Dr. Anil D. Kulkarni received his doctorate degree (faculty of medicine) from the Queen’s University of Belfast, N. Ireland. He is currently Professor of Surgery in the Department of Surgery at the University of Texas McGovern Medical School in the world’s largest medical center in Houston, Texas. His research specialization is in the role of nutrition in immune system function in health and disease and has extensive in applied, basic, and translational research. He has background in research & development and technology development. He has had two U. S. Patents on nutritional product development for modulation immune system function and nutritional formulations for wound healing. He also teaches medical students and mentors students from high school to graduate and medical students. He has traveled internationally extensively with numerous research collaborations in several countries in Asia, Europe, and Latin America. He is known internationally for his work in immunonutrition and functional foods and has been invited frequently as keynote speaker. He mentors medical students for their global health concentration as a part of their curriculum. He has been on the editorial boards of international journals and serves as peer reviewer. One of his current active interests is in Global Health activities and education. Most of the current academic global health initiatives have largely ignored or not focused on prevention or therapeutic applications to improve global health and education.

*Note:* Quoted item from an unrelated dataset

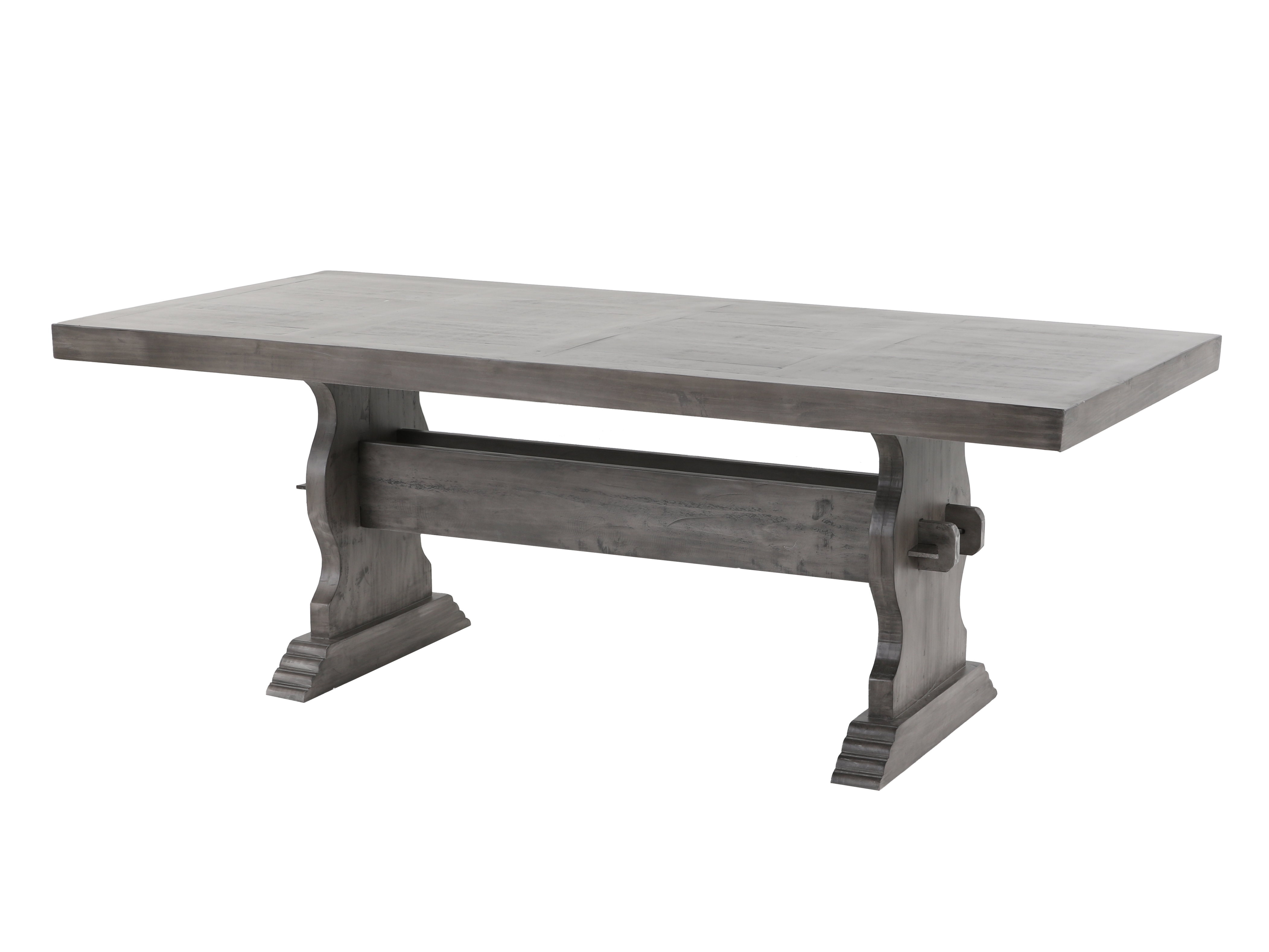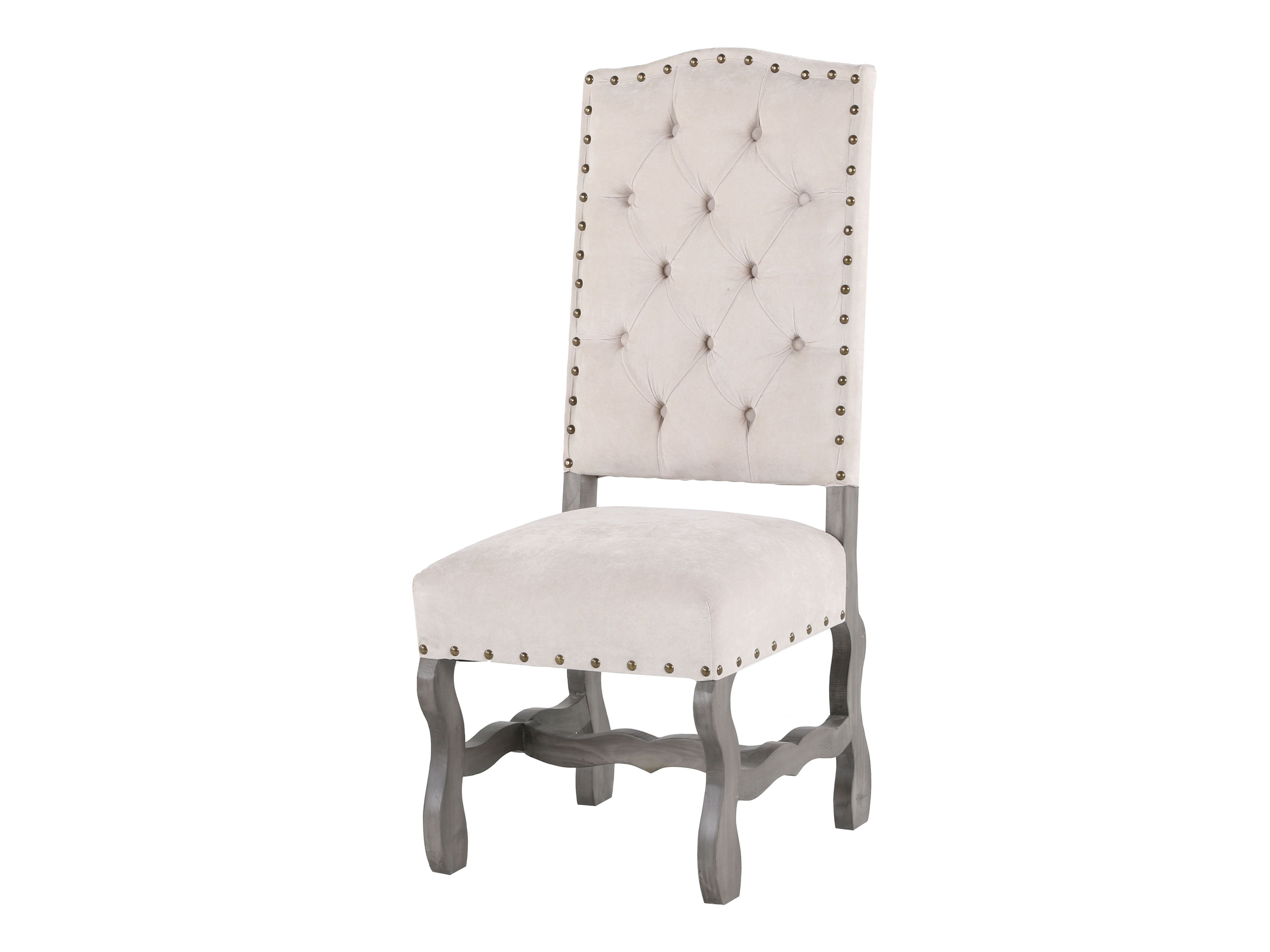 A classic-meets-modern look featuring a gray wood trestle table and ivory upholstered, diamond-tufted chairs with nailhead trim.

He also develops international exchange programs for faculty, staff, and students. He has trained several international and domestic graduate and medical students. Recently he is a recipient of two international awards as recognition his contributions of global work- "Hind Rattan Award" at the 33rd International Congress of Association of Indians and "Fulbright- Nehru Scholarship 2014 for Professional and Teaching Excellence ". He is Honorary Professor at the Qingdao Municipal Hospital of the Qingdao University, China. He is also a Member of ARTOI (Associazione Ricerca Terapie Oncologiche Integrate), Italy.